Inside Higher Ed points out, citing a CNN exit poll of Michigan voters, “that the ban passed because of support from men. Sixty percent of men, but only 47 percent of women said that they backed the ban.” By such indications, most women in Michigan continue to be taken in by the politically correct elites and to reject the principle of equal treatment.


So slickly did the pro-affirmative action troops tar those opposing quotas as outcasts and bigots that many of those who wanted to support MCRI could not summon the courage to do so, and many who in the end backed the proposition would not admit to doing so.
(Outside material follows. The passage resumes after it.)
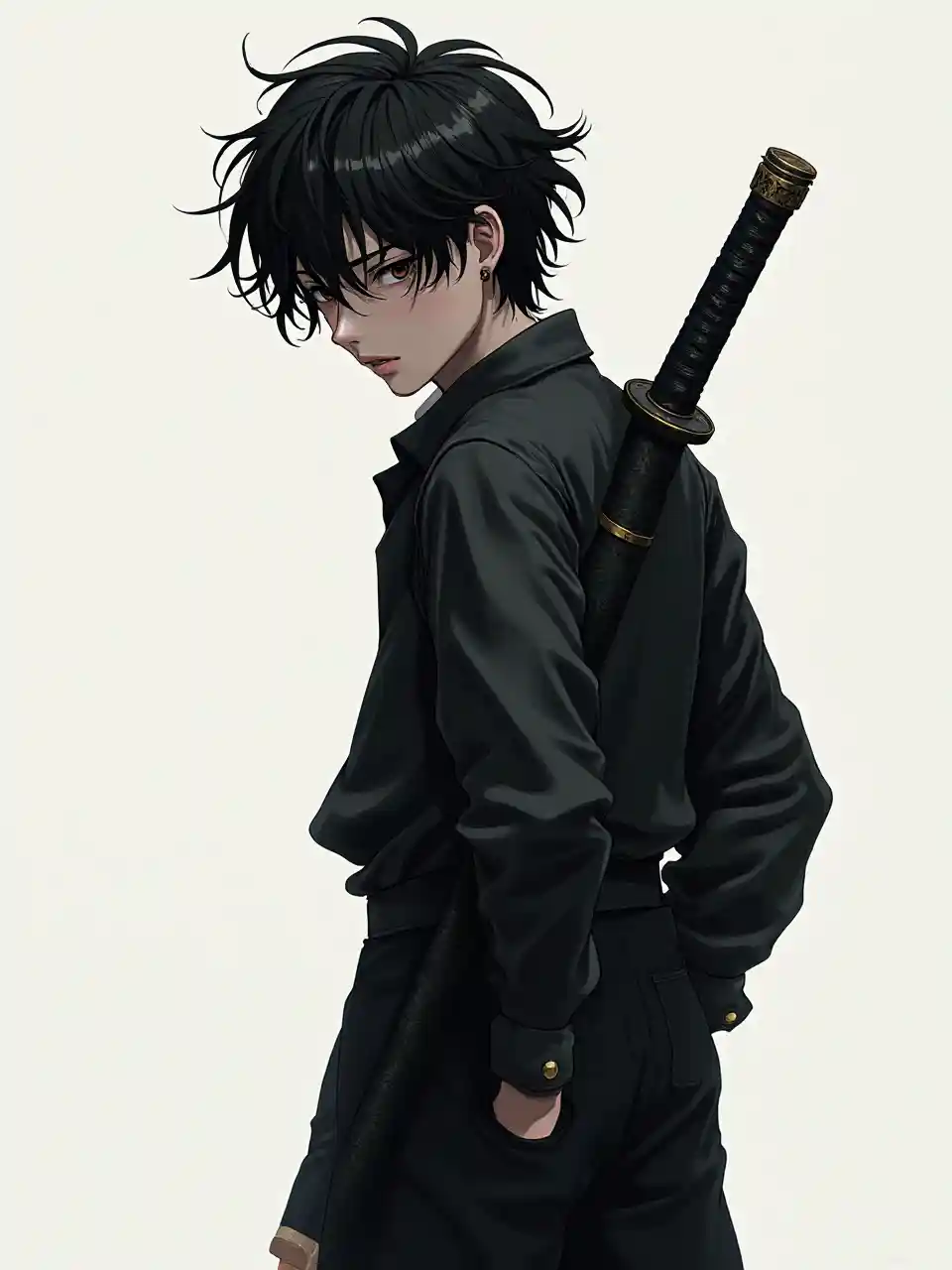 Un homme brun et en désordre, chemise noire avec katana et pantalon noir sur le dos

In an interview before the vote with Harry Stein in the City Journal, an exasperated Jennifer Gratz, the MCRI’s executive director and the former lead plaintiff in a landmark affirmative-action lawsuit against the University of Michigan, said, “There’s just this fear of standing up and doing the right thing.” The heroic Gratz, who in filing the suit claimed to have been discriminated against on the basis of race at the university, confided, “I can’t tell you how many people have whispered in my ear, ‘I’m with you, but I can’t say anything publicly.'” So much for civic bravery.


A main tactic on the part of the pro-affirmative action forces was to barrage women with the claim that their interests would be harmed by doing away with preferences. For example, Patricia Gurin, a women’s studies professor at the University of Michigan, had argued vigorously in the past that racial preferences are a compelling governmental interest. As I noted prior to the vote, Gurin revived her argument in the MCRI struggle, and John Rosenberg argued back — persuasively, in my view — against her position: 


She’s at it again — arguing that passing the Michigan Civil Rights Initiative (MCRI)would be bad for (you guessed it) women. So, despite (or because of) how much her work is a waste product of the “diversity” debate, it is unfortunately necessary to perform Gurinanalysis once again.
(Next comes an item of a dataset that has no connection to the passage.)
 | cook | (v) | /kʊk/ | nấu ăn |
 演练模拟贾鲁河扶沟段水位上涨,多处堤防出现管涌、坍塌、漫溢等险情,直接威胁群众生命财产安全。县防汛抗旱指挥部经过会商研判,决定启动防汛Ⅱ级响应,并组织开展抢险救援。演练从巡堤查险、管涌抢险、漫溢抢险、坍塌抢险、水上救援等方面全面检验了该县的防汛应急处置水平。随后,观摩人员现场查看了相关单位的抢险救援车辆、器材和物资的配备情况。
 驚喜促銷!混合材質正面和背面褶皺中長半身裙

The day after the vote Mary Sue Coleman, president of the University of Michigan, took to her bully pulpit to reprimand Michigan’s backward voters and threatened a lawsuit to nullify the result. “Diversity matters at Michigan,” she grandstanded before a screaming crowd of hundreds of student and faculty protesters in Ann Arbor. “It matters today, and it will matter tomorrow.” She announced as well that she has “directed our General Counsel to consider every legal option available to us.” Thomas Bray, writing in The New York Sun, criticized Coleman for her condescending and contemptuous response:


In other words, to paraphrase a politician from another, unlamented era, “preferences today, preferences tomorrow, preferences forever.” Moreover, the university may now go to the breathtakingly arrogant extreme of using taxpayer funds to try to undo what the taxpayers and voters approved by a landslide margin. The people, damn them!
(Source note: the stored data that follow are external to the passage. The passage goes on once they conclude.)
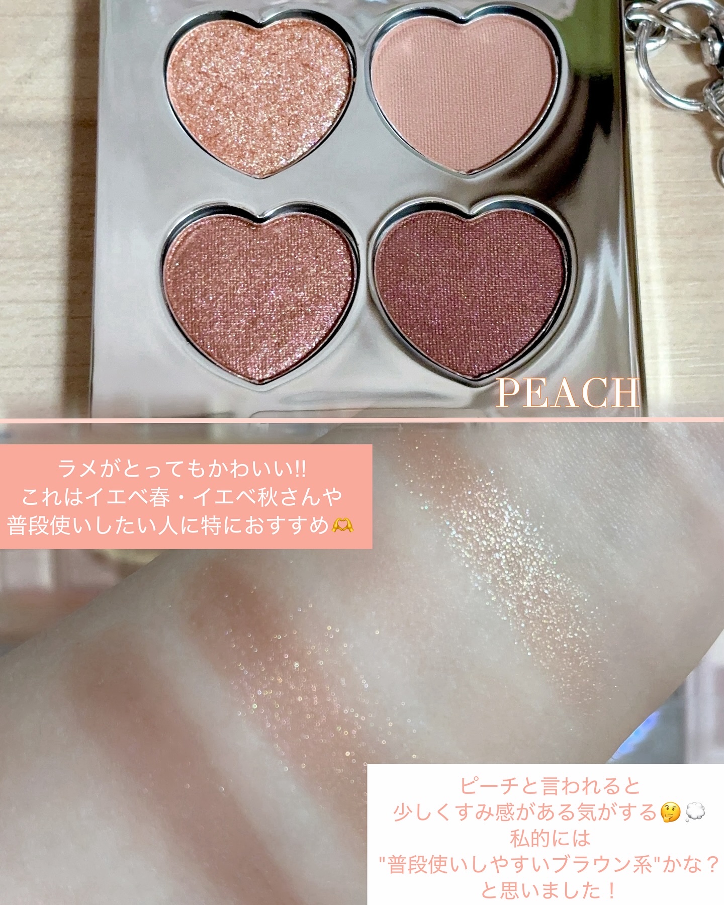 全商品が手のひらサイズのミニサイズコスメ♡ 持ち運びも便利でありながら 今、流行のバレエコア🩰のような リボンモチーフがとっても可愛らしくて 購入せざるを得ませんでした。笑 驚いたのが発色の良さ。 ②と④のカラーが一見使いづらいかな?と思うカラーですが、全然そんなことはなく みんな大好きなピンクグリッター。 ピンクベースの中に多色のラメがちらちらと 配合されていて、これがほんっとうに可愛い。
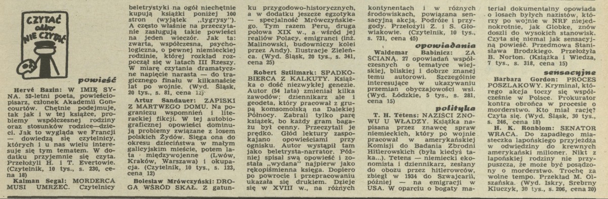 Archiwum / Czytać albo nie czytać? nr 962 (37/1963) 16/47 Podziel się Tytuł Czytać albo nie czytać Rubryka Czytać albo nie czytać? Artykuł z numeru 962 (37/1963) Data wydania 15 września 1963 Tagi recenzje powieść opowiadania
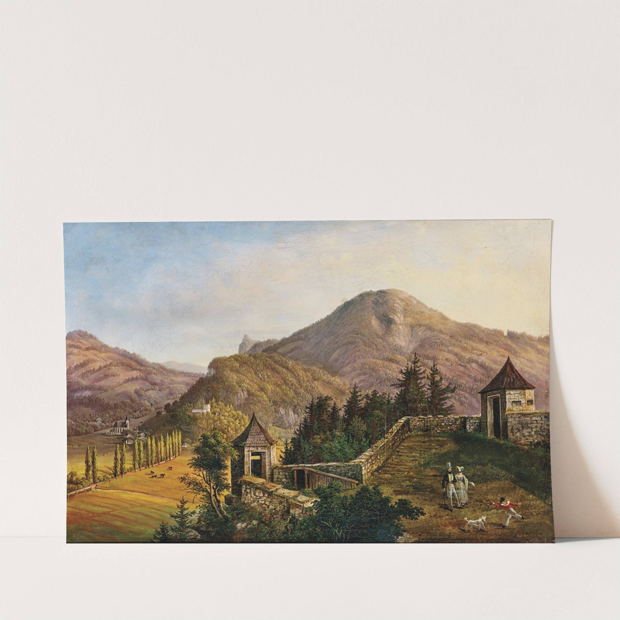 Scene in Salzburg – a view of Gaisberg, Nockstein and Kapuzinerberg by Anton Reiffenstuhl - Wall Art Print

As Bray also remarks, Coleman’s tirade should make parents shudder to imagine what their “children are being taught when prominent schools like the University of Michigan show such contempt for the voters and the democratic process.”


Moreover, there is the question of whether prominent leaders such as Coleman and Gurin acted in good faith in the struggle over MCR. What accounts for their obdurate refusal to acknowledge and communicate the hard facts about the destructive failure of affirmative action policies? Peter Kiranow in the National Review elaborates:


Perhaps twenty years ago academic elites could hide behind the veil of uninformed good intentions to justify racial preferences; today, hard evidence continues to mount demonstrating that racial preferences have a devastating impact on preferred minorities — because of the mismatch effect caused by affirmative action (i.e., under-qualified minorities being admitted to schools at which they have difficulty competing) — black law students flunk out at two-and-a-half times the rate of whites and are six times less likely to pass the bar, [and,] half of black law students never become lawyers, academic elitesalso fail to tell Asian students that many, if not most, admissions offices discriminate against Asian applicants in a manner resembling the Jewish quotas of the 1950s. How many Asian students know that their odds of being admitted at selective schools are 200 times worse than those of a similarly qualified black or Hispanic applicant?


Women were a vital, indeed potentially determining, force in this watershed vote. There is a need to analyze why in this and other instances they come down on the side of discriminatory practices dangerous to this democracy.


The lesson in the case of the MCRI battle? Women need to speak up for equal treatment of all.